I have not been frog gigging yet. I haven't even eaten frog legs!
Boyfriend and I were supposed to go gigging a month or two ago, but our gigging partner canceled. I'm sure we'll reschedule - we'll try anything.
What a great story. Obviously writing talent runs in the family.
Never have tried frog gigging and probably never will. Not to big on slimy things generally.
I love your uncle's blog! It's hilarious, but it's also completely "real".
Speaking of real, and surreal, I'm looking forward to the labor-day write-up.
So am I - it's going to be quite a story. But I have some work to do before I can tell it properly. Stay tuned...
I'm heading there now - I mean that is just too good a story to pass up!
Oh man - too funny! I'm not sure I could climb over inward turned barbed wire - that must have been quite a trick!
I think I was born AFTER that, so I'm pretty sure nothing important was damaged in the process. :-)
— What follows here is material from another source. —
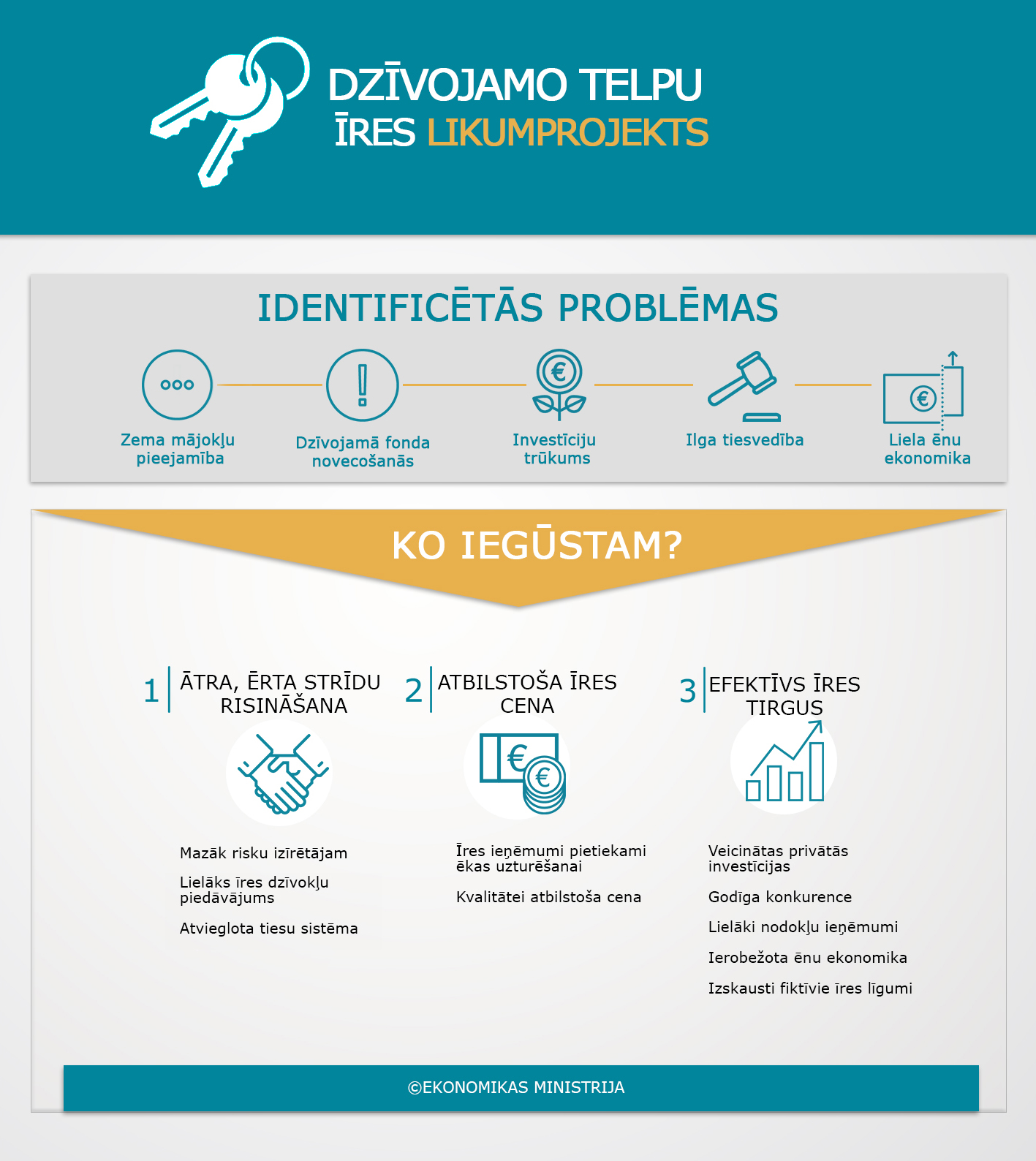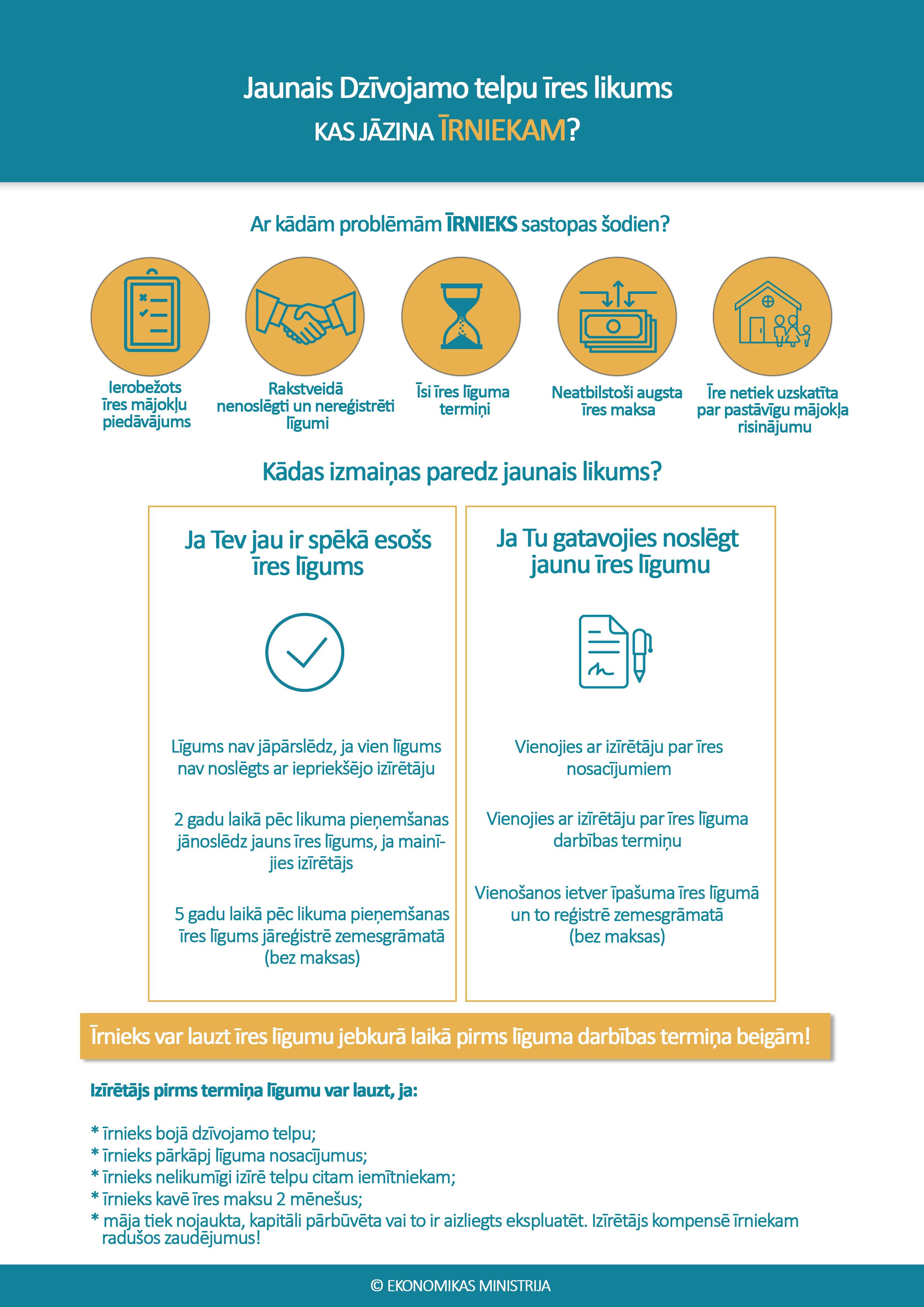 Ar mērķi veicināt mājokļu pieejamību un īres namu būvniecību Ekonomikas ministrija ir sagatavojusi likumprojektu „Dzīvojamo telpu īres likums”.

I loved your uncle's story! It sounds like something one of my uncles (or my father) would have done!
Lori
http://journals.aol.com/helmswondermom/DustyPages/
Hilarious! We did some prison fishing ourselves this spring:
http://rivermud.blogspot.com/2008/05/fishing-99-to-life-at-foothills-prison.html
It's great to find unexpected places where people would prefer not to visit!
While it isn't quite the same, this reminds me of having my galfriend, Miss Lil (in her mid 50s at the time) and a fellow hunter and lawyer friend, Tom L. (in his 70s and both of them easily passing for 20 years younger) joining me on a midnight foray in downtown Portland, Oregon walking along under some of the city's freeway onramps and offramps, netting Pigeons to use for training Bird Hunting dogs!
What a site we were as the midnight bar scene revellers passing by and bums that slept under these overpasses gawked at us carrying this huge Salmon Net with 18' handle, a powerful Spotlight, and Lil and Tom teaming up to carrying the poultry cage.
Even the cops cruised by several times, uncertain of what we were up to or whether it looked legal to them! I don't think they figured it out.
I've gigged Bullfrogs, but never by sneaking into any sort of institution. But I can certainly appreciate what that experience must have been like.